The following code snippet shows how to rely on NEML2 internal vectorization to perform the N evaluations.

  • #include <torch/cuda.h>
    #include "neml2/models/Model.h"
    #include "neml2/tensors/SR2.h"
    int
    main()
    {
    using namespace neml2;
    // Preparation
    Size N = 10;
    auto device = kCPU;
    auto & model = load_model("input.i", "my_model");
    model.to(device);
    // Create the strain on the device
    auto strain_name = VariableName("forces", "E");
    auto strain_min = SR2::fill(0.1, 0.05, -0.03, 0.02, 0.06, 0.03, device);
    auto strain_max = SR2::fill(0.5, 0.4, -0.2, 0.2, 0.3, 0.1, device);
    auto strain = SR2::linspace(strain_min, strain_max, N);
    // Evaluate the model N times
    auto output = model.value({{strain_name, strain}});
    }
  • import torch
    import neml2
    from neml2.tensors import SR2
    torch.set_default_dtype(torch.double)
    # Preparation
    N = 10
    device = torch.device("cpu")
    model = neml2.load_model("input.i", "my_model")
    model.to(device=device)
    # Create the strain on the device
    strain_min = SR2.fill(0.1, 0.05, -0.03, 0.02, 0.06, 0.03, device=device)
    strain_max = SR2.fill(0.5, 0.4, -0.2, 0.2, 0.3, 0.1, device=device)
    strain = SR2.linspace(strain_min, strain_max, N)
    # Evaluate the model N times
    output = model.value({"forces/E": strain})

For a fair comparison, the input variables are allocated prior to model evaluation, and only the model evaluation part is timed. The timing study was performed with N={10,1000,100000} on both CPU and CUDA. Results are summarized in the following table.

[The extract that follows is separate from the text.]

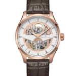 取扱店舗: 名古屋店・豊田店・ネットブティック[ SPEC ]掲載されている商品はラインナップのご紹介となっております。カタログ番号 184841 サイズ 40mm 文字盤 シルバー 機能 3針・バックスケルトン インデックス バー ケース素材 ローズゴールドPVD ベルト カーフストラップ ベゼル ノーマル 日付 日付なし 防水性 50M 動力 自動巻き

Device N For loop Vectorization
CPU 10 0.061 0.003
1000 0.232 0.004
100000 16.782 0.041
CUDA 10 0.145 0.004
1000 0.337 0.004
100000 26.176 0.005

Remarks

While there are many other factors contributing to the performance difference between the for loop approach and the vectorization approach, we hope this simple experiment serves as a reasonable introduction to the benefit of vectorization.

It is worth noting that, in the above code snippets,

  • The pre-allocated strain tensor has a shape of (N; 6). The leading dimension with size N is referred to as a batch dimension in NEML2.
  • The strain tensor with shape (N; 6) can operate with scalar-valued model parameters K and G. This behavior relies on the concept of broadcasting.

Batching and broadcasting are the fundamental mechanisms that allow NEML2 to efficiently vectorize model evaluation while providing users with a unified API for both CPU and CUDA. More details on these mechanisms are discussed in the tutorials on NEML2 tensors.